Юлий Ким — страница 24 из 31

Ясно было, что Театру на Малой Бронной не следует заключать договор с известным антисоветчиком. Решили, что с ним поделятся из своих гонораров композитор Николаев и переводчик Левин. Так. Что еще можно сделать для хорошего человека? Театр напрягся и придумал. Михайлов стал музыкальным репетитором, разучивающим с актерами его и Николаева вокальные номера (за что и положили ему 200 рублей). Так он и перезнакомился с половиной труппы, благо спектакль был хорошо населенный, потому что все-таки 30 персонажей, придуманных Шекспиром, к двум свести не удалось. Меньше 15 никак не получалось.

Среди них был Оливер, эгоист и завистник. Его репетировал Гафт. Тогда уже Михайлов понял, что из всех артистов мира это самый огромный. Просто природное изящество и классическая соразмерность частей скрадывали его истинные размеры.

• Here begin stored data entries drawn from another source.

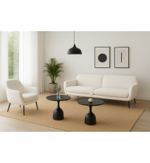 Mesa baja, diseño, armazón metálico con acabado negro, tapa de cerámica imitando a mármol negro, 50 cms de diámetro. Altura 61 cms. Otros colores disponibles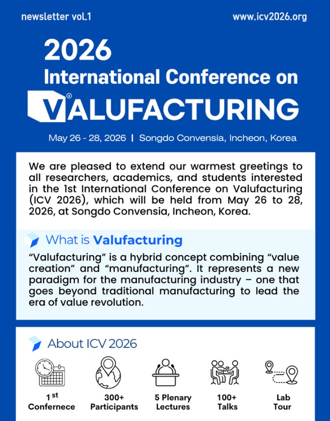 ㅇ 행사명 : 밸류팩처링 국제학술대회(ICV2026) 2026 International Conference on Valufacturing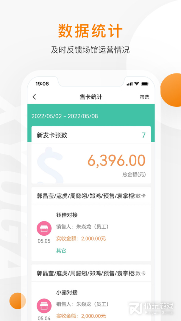 数据统计:售卡统计、耗卡统计、课时费统计。

Иногда в отчаянии Валя раскидывал огромные свои руки и восклицал:

— Ну что мне делать с моим талантом?!.

И Михайлов видел, что перед ним Голиаф. Голиафт.

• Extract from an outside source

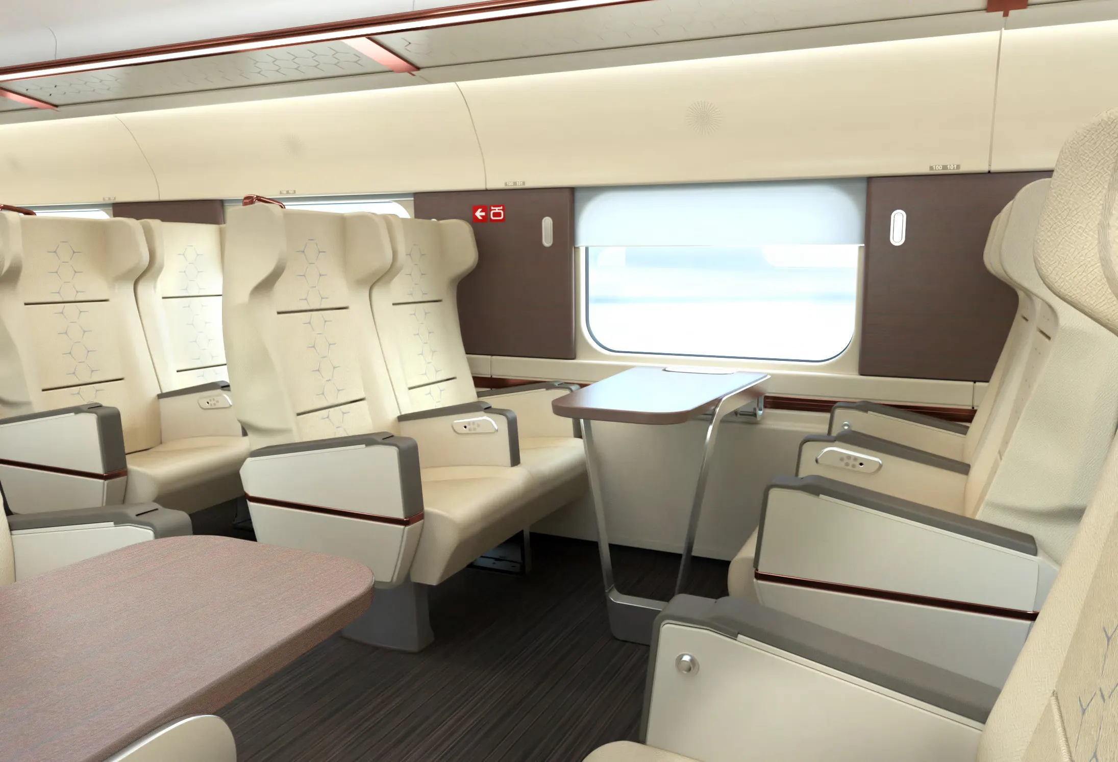 2018年06月株洲厂发布时速250公里动力分散型双层动车组,是我国首款高速双层动车组。列车采用8编组(4M4T),编组形式为-Tc+M+T+M+M+T+M+Tc-,同时可实现4/6/8节灵活编组,具有运量大、速度快的技术优势,适应于高密度和固定车次以及公交化运行的行车组织方式,座椅布局采用3+2形式,设有无障碍卫生间及停放轮椅的空间,8编组AW1定员820人,AW3定员1708人。全车大量使用模块化、系统化的设计,采用了轻量化结构,转向架针对高重心车辆优化,整车采用轻量化材料,相比单层动车组人均能耗节约20.6%。该车以欧洲TSI标准要求为目标,为后续DEMU2动车组的研发奠定基础。

Его персонаж — Оливер — по сюжету пьесы ненавидит родного брата.

Михайлов сочинил его монолог, долго не раздумывая:

Я ненавижу брата!

Я ненавижу его!

И в этом семья виновата:

Зачем не родили когда-то

Меня одного?

С тех пор прошло много лет. Да, пожалуй, точно можно сказать: тридцать. И Гафт вспомнил! В телебеседе с ним зашла речь о Фоменко — и он вспомнил! И спел! Причем несколько раз и на все лады. Михайлов смотрел передачу, гордясь собой: его текст если и не тянул на бессмертие, то на долговечность законно претендовал.

Каневский Леня — теперь украшение тель-авивского «Гешера» — играл тирана. У него была своя ария в сцене «Погоня»:

Догнать их!

Вперед, закусив удила!

Поймать их!

Пороть за такие дела!

Измену

Сведу на корню.

Когда будет надо.

Я сам прогоню!

Леня пел правильно — но строго на четверть тона ниже, и когда для благозвучия партию рояля снижали на эту четверть, он тоже снижался. Посему благозвучия достигнуть не удалось. Тирана поручили Леве Дурову. Через 30 лет, встретив Михайлова в каком-то углу, Лева сказал: «А помнишь?» — и тоже спел, без запинки.

Трагическую роль Жака Меланхолика исполнял Александр Анатольевич Ширвиндт. Это была его первая шекспировская роль. Вторая — веронский герцог в «Ромео и Джульетте». Там ему было немного работы. У Фоменко — гораздо больше. Он бродил по Арденнскому Лесу, где все стонало от любви, и отравлял атмосферу горечью своей мудрости. У него был хороший монолог, тот самый, что начинается:

«Весь мир — театр, и люди в нем актеры…» — и далее, о Божественной комедии, а точнее, трагикомедии человеческой жизни. Читал он его под потолком. Художники Эпов с Великановым соорудили золоченое витиевато-ветвистое Древо, где можно было жить, гулять, свешиваться, перелетать с ветви на ветвь, высовываться из дупла, прятаться в листве, а самая вершина представляла собою овальную раму фамильного герба, сплетенную из фантастических листьев и увенчанную оленьими рогами, — и вот в ней-то, в этой раме, и появлялся мудрый и печальный бродяга в шелковом рубище с красивыми заплатами и произносил:

«Весь мир театр…» —

и далее, до последнего безнадежного всплеска руками вниз и в стороны — мол. что поделаешь?

Финал.

Роскошное готовили зрелище, правда, очень медленно оно варилось, так ведь шутка сказать — больше двадцати развернутых музыкальных номеров и целых три акта многопланового действа с чередованием и смешиванием комического и трагического, — что всегда было опорным столбом фоменковской карусели.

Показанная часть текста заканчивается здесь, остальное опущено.